= ACTIVITY =
Repeat, exactly and in full, the lines of the listing below, but without any pictures.

= RAW DATA =
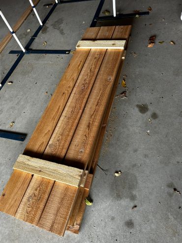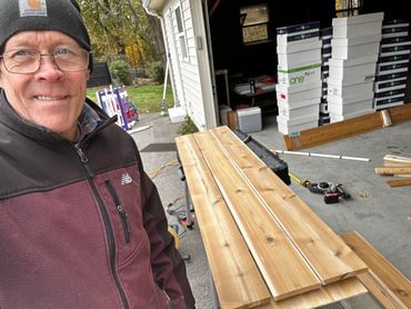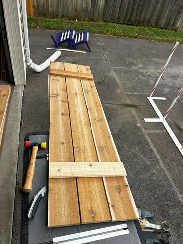 Later in the week I went back to our client Anjie's house to assemble the new cedar shutters that I will be installing on the front of her house next week after she paints them the color she wants.
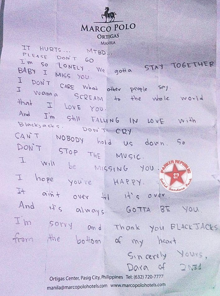 Mektup Marco Polo Ortigas Manila adresinden yayımlandı ve bu mektubu Sandara ‘nın Filipinler’ de kaldığı otelde hayranları için kaleme aldığı iddia ediliyor. Mektupta Sandara’nın Blackjack’lere verdiği değer ve onları aile gibi görüşü gerçeği bulunuyor. Mektupta Dara duygularını paylaşmak için 2NE1’ın popüler şarkı sözlerini kullanıyor.
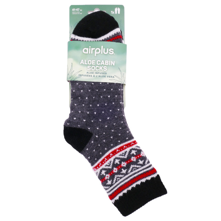 AIRPLUS ALOE CABIN CHAUSSETTES GRISE ROUGE 41-47 est en vente en ligne sur le site de votre parapharmacie à prix discount, offrant un confort optimal pour vos pieds grâce à leur doublure douce et hydratante, idéale pour un usage quotidien.
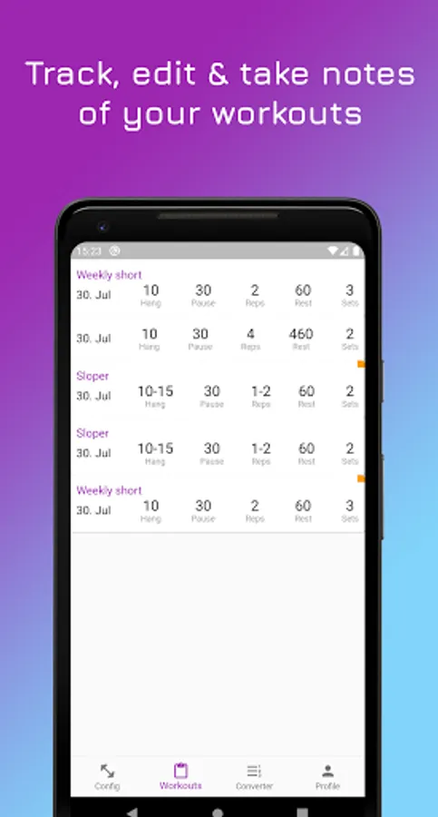 Set your training times and reps easily within seconds and dive right in, while BoulderFIT keeps track of your workouts.

= YOUR SOLUTION =
 Later in the week I went back to our client Anjie's house to assemble the new cedar shutters that I will be installing on the front of her house next week after she paints them the color she wants.
 Mektup Marco Polo Ortigas Manila adresinden yayımlandı ve bu mektubu Sandara ‘nın Filipinler’ de kaldığı otelde hayranları için kaleme aldığı iddia ediliyor. Mektupta Sandara’nın Blackjack’lere verdiği değer ve onları aile gibi görüşü gerçeği bulunuyor. Mektupta Dara duygularını paylaşmak için 2NE1’ın popüler şarkı sözlerini kullanıyor.
 AIRPLUS ALOE CABIN CHAUSSETTES GRISE ROUGE 41-47 est en vente en ligne sur le site de votre parapharmacie à prix discount, offrant un confort optimal pour vos pieds grâce à leur doublure douce et hydratante, idéale pour un usage quotidien.
 Set your training times and reps easily within seconds and dive right in, while BoulderFIT keeps track of your workouts.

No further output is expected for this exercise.